Seus cantos falavam de um deus que tinha longos cachos e caminhava pelo mundo levando alegria e vinho. Falavam de sacrifício divino e de libertação. E cada um com sua voz e sua visão, viviam a delícia do amor divino.

Contemplação e dança, oração e canto, e acima de tudo, o amor apaixonado por um deus.

Diferentes deuses, diferentes vozes. O mesmo amor pelo Amado, a mesma contemplação da doçura. A mesma escura noite.

Não importava o que dissessem nas cidades, aqueles que seguiam ao invés de amar. Ali nas montanhas, olhavam com carinho um para o outro os dois eremitas.

Só os apaixonados compreendem outro apaixonado...



para um querido amigo que me faz acreditar possível a paz e o respeito.

quarta-feira, 10 de outubro de 2012

Marcas

O plano surgiu faz tempo. Maturou, se ajustou. Foi se aconchegando na mente. Então, o presente que ganhei do meu querido Coiote. E lá estava eu, sentada na maca do estúdio de tatuagem.

É como tornar visível um compromisso que eu assumi faz tempo. É colocar uma devoção em nível físico. Tornar indelével. Não é algo de um verão, não é um momento. É o compromisso maior que tenho, para a vida inteira. É uma declaração de amor, também. Acho que é uma declaração de amor, mais do que tudo.
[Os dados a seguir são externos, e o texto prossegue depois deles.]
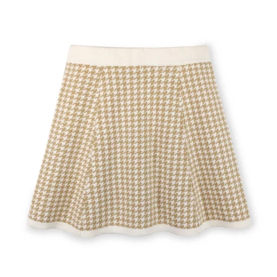 C’est chic! Our adorable classic houndstooth sweater skirt in soft organic cotton is a sophisticated wardrobe staple for your little lady. This neutral piece layers perfectly with our collection of organic cotton tops and sweaters, or go for an adorable head to toe look with our matching cardigan! Features an elastic waistband for easy on and off.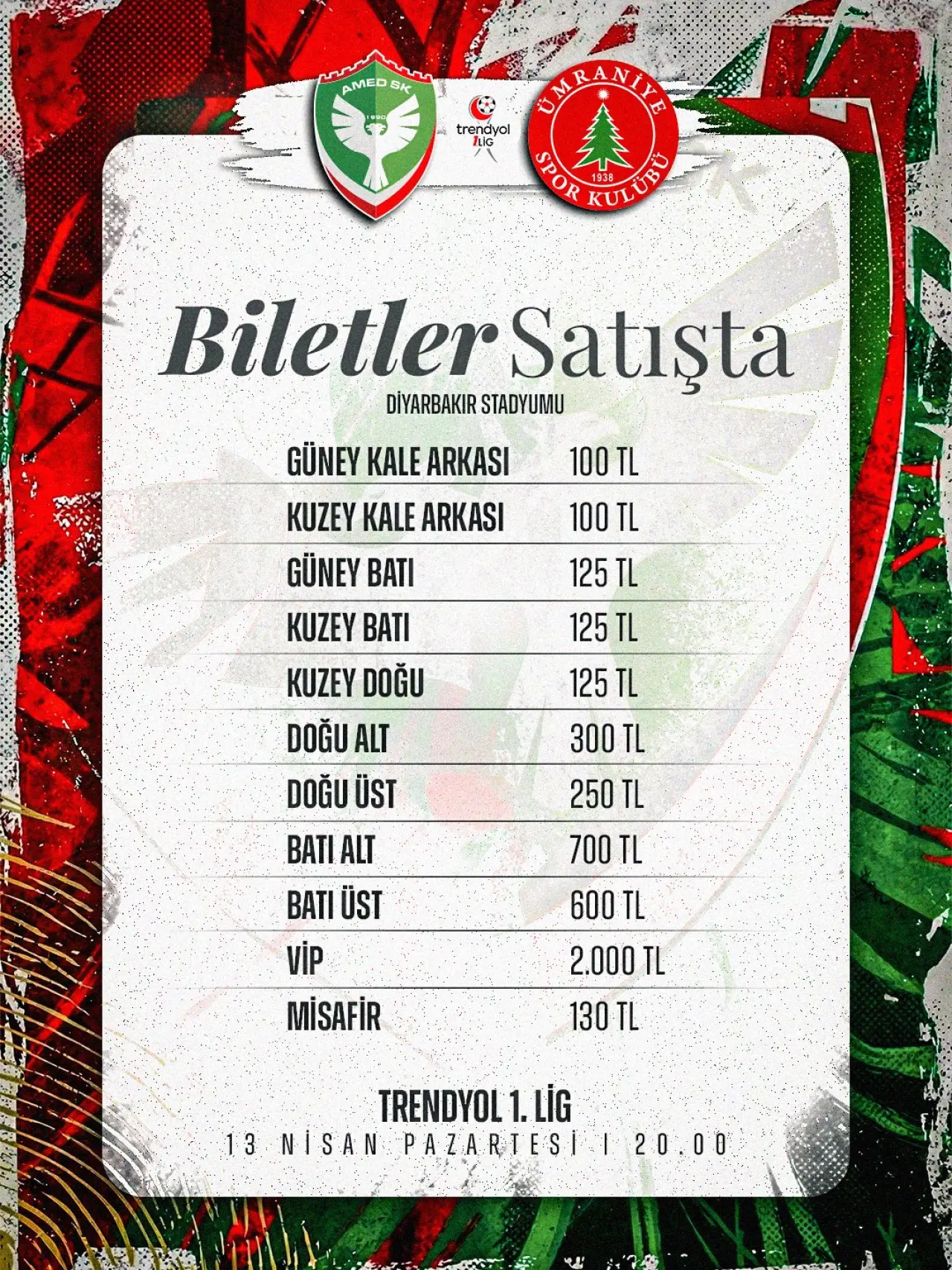 Amedspor ile Ümraniyespor arasında oynanacak mücadele, 13 Nisan Pazartesi günü saat 20.00’de Diyarbakır Stadyumu’nda başlayacak.

Agora, ela já é parte de mim, e eu quase consigo não ficar olhando a marca sobre a pele feito besta. É como se eu tivesse nascido assim. Minhas tatuagens me são tão naturais que me parecem orgânicas.

Eu escrevi um dia desses que queria uma vida feita de hera e rosas. E é assim que marquei minha pele. A rosa, que fiz como compromisso eterno com a arte e a beleza, e que com a passagem dos anos passei a ver como uma marca devocional para Afrodite.  E agora, a hera. Um amor que não sei colocar em palavras, porque é arreton.A presença de Dionísio e tudo que ele significa.

Essa foi a primeira foto que tirei quando a cicatrização já estava quase ok. No dia 25 de agosto, no jardim da Casa das Rosas, para mim, sempre e sempre o lugar onde Dionísio e Apolo tomam chá e dividem um cigarro.



Agora, meu corpo tem uma "god mark". Eu carrego na pele a hera e a rosa.




(e o plano prossegue: quando eu me sentir pronta, no pé esquerdo vai o louro e o nome de Apolo. Mas não tenho pressa. Como eu disse, é para ser orgânico. como o crescimento das plantas)

quarta-feira, 3 de outubro de 2012

Contar histórias, aprender histórias

As vezes, me vejo contando um mito para alguém. Hoje isso aconteceu duas vezes. Curiosamente, os dois mitos, de Psiquê e Eros, e de Pandora, carregam um elemento em comum: a confiança. Hoje falei de confiança, de sofrimento, e de esperança. E foi interessante perceber como os mitos nos ensinam, quando falam conosco usando uma linguagem tão natural como a do sonho. Falam verdades múltiplas, algumas literais, algumas simbólicas. Algumas vezes, um simbolismo que nos toca de modo pessoal.

E estava relendo umas passagens do Nonnus de Panópolis, um autor que escreveu sobre Dionísio. E a passagem da morte de Ampelos é de uma beleza ímpar. E cada vez que leio, encontro um detalhe novo.

De certo modo, também é um mito que fala de amor, de "tentação", sofrimento e superação.

Contar histórias, aprender histórias, relembrar histórias. E eu fico feliz de poder ouvir e falar disso.

Aprendizado é um tipo de teia. E a cada vez encontramos exatamente os mestres que precisávamos para nos mostrar o caminho.